▽
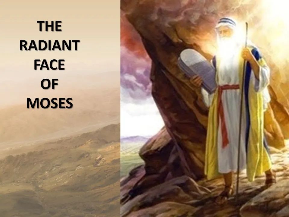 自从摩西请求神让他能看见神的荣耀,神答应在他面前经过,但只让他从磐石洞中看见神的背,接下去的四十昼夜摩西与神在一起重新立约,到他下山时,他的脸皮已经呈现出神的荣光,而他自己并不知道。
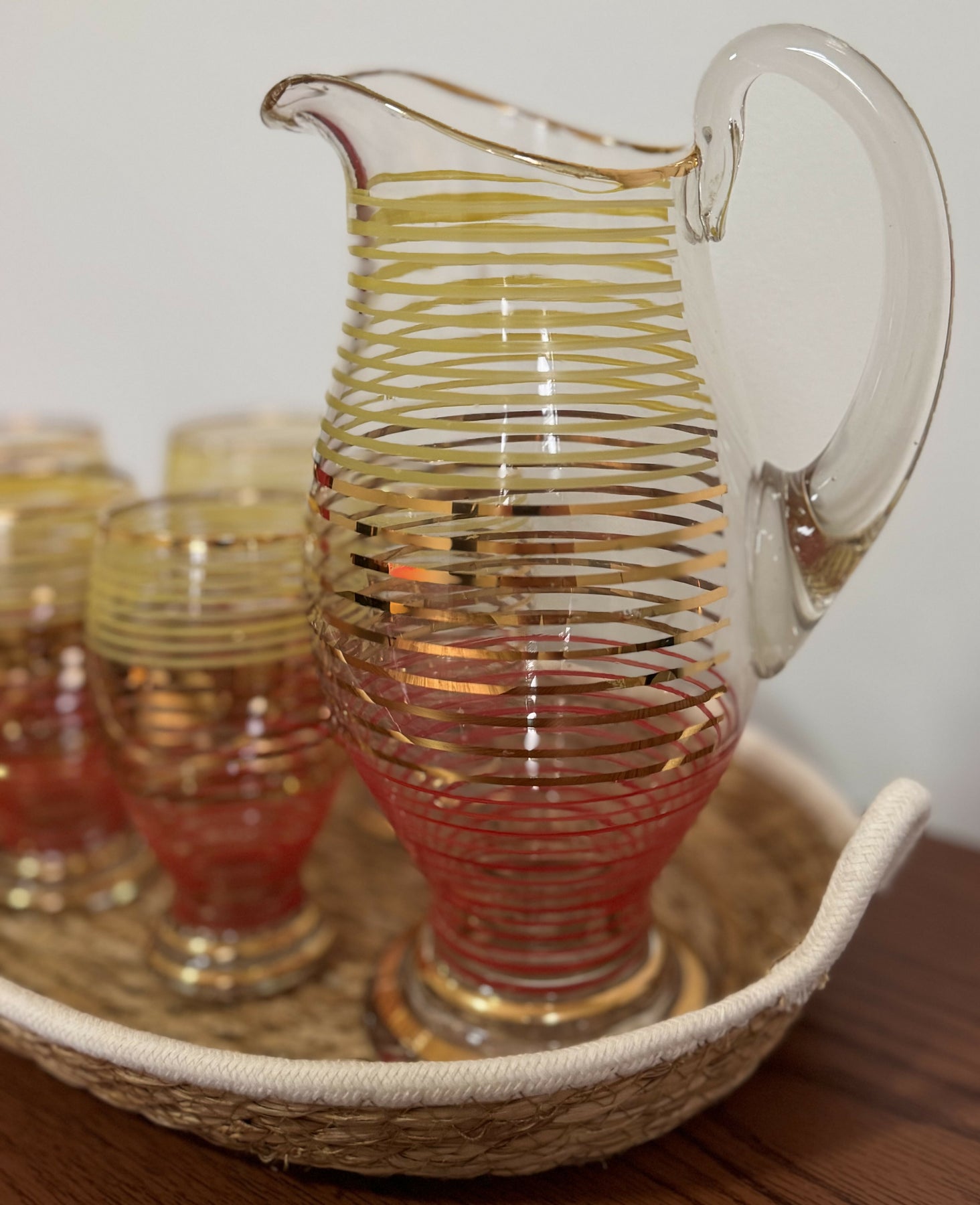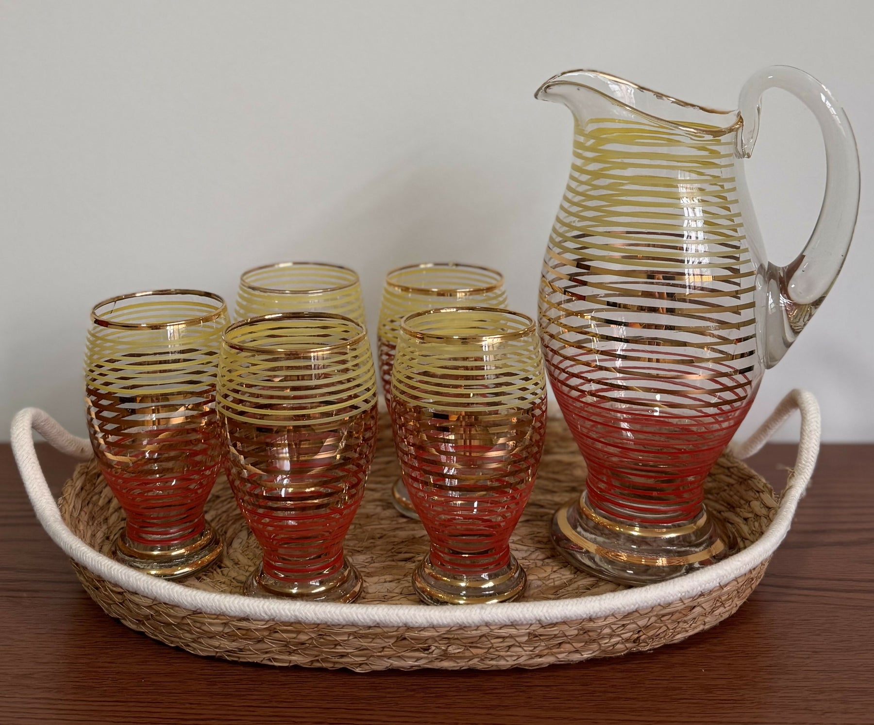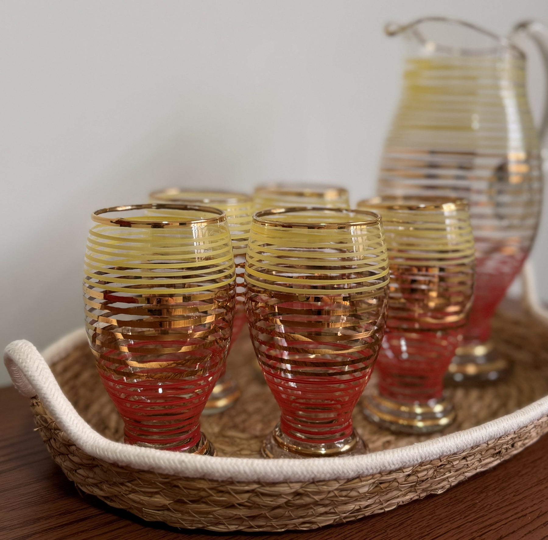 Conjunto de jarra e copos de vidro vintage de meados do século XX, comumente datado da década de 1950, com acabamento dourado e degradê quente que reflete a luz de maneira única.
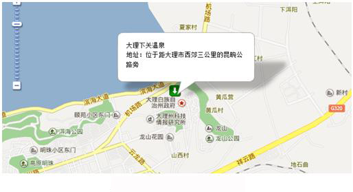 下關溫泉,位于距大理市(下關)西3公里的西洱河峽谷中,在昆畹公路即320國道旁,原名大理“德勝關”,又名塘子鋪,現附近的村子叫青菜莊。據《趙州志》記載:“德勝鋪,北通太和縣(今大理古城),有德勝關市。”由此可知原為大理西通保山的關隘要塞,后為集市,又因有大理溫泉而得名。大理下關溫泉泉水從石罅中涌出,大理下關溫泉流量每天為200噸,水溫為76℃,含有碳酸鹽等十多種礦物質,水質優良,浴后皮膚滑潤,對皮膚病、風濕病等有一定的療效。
△
▽
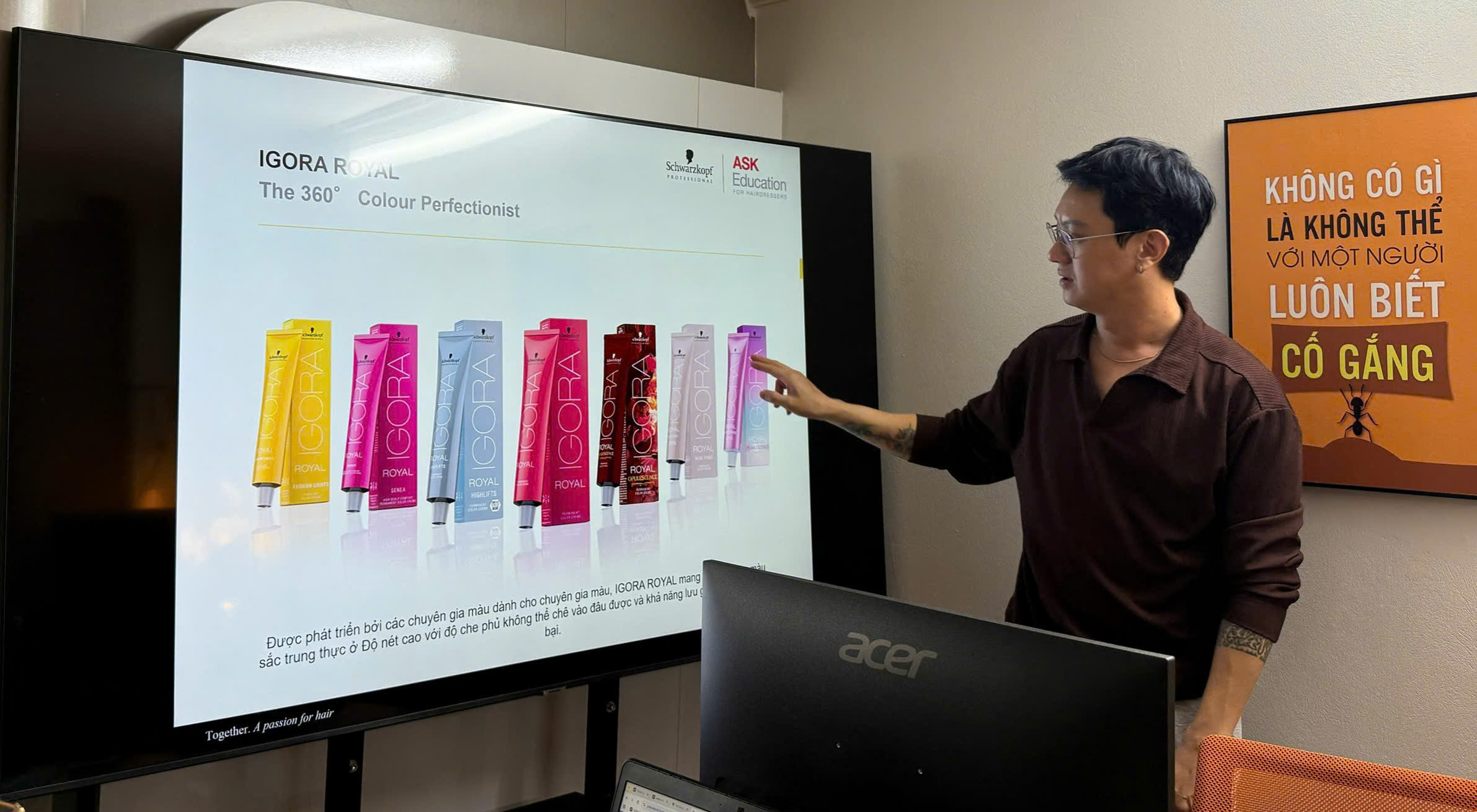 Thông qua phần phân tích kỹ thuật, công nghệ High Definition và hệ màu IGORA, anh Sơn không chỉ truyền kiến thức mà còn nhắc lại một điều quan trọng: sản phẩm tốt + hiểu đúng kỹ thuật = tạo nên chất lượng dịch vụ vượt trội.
△
▽
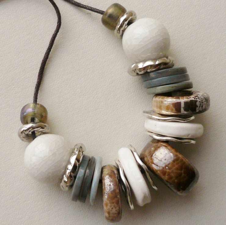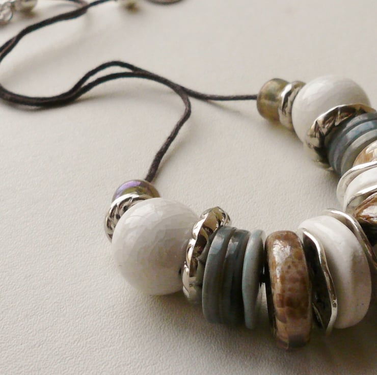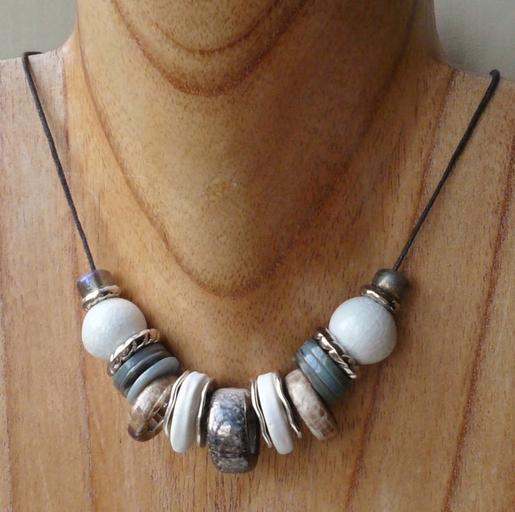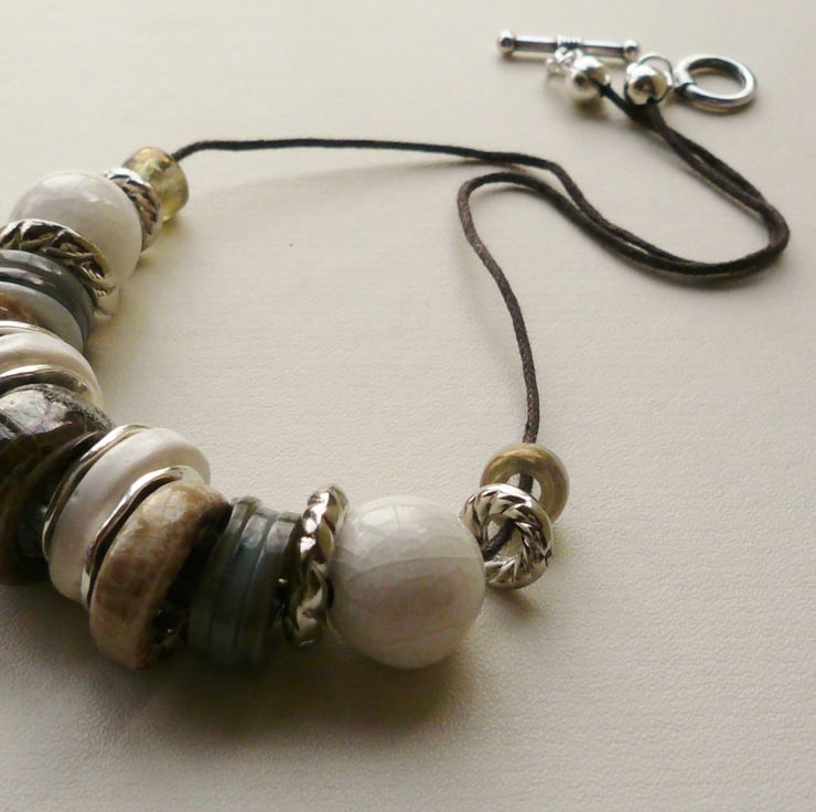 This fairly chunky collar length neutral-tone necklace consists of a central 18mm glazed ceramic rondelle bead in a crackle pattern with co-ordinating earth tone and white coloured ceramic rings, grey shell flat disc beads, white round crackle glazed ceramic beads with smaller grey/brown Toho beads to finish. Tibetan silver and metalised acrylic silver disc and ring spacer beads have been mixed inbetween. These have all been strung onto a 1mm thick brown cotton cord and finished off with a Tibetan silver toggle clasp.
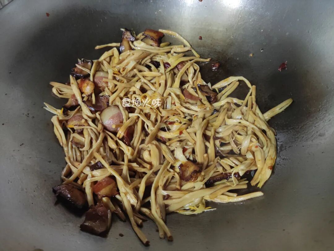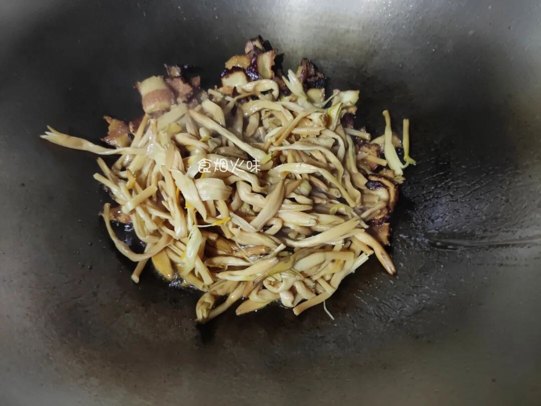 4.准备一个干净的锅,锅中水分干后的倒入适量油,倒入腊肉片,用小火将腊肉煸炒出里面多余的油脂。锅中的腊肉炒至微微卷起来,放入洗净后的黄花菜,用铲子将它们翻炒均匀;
△
• EXERCISE INSTRUCTIONS: Exactly reproduce the lines above, starting at the one that contains "自从摩西请求神让他能看见神的" and ending at the one that contains "Conjunto de jarra", both inclusive; leave the pictures out and add no other lines.

• RESPONSE TO THE TASK:
 自从摩西请求神让他能看见神的荣耀,神答应在他面前经过,但只让他从磐石洞中看见神的背,接下去的四十昼夜摩西与神在一起重新立约,到他下山时,他的脸皮已经呈现出神的荣光,而他自己并不知道。
 Conjunto de jarra e copos de vidro vintage de meados do século XX, comumente datado da década de 1950, com acabamento dourado e degradê quente que reflete a luz de maneira única.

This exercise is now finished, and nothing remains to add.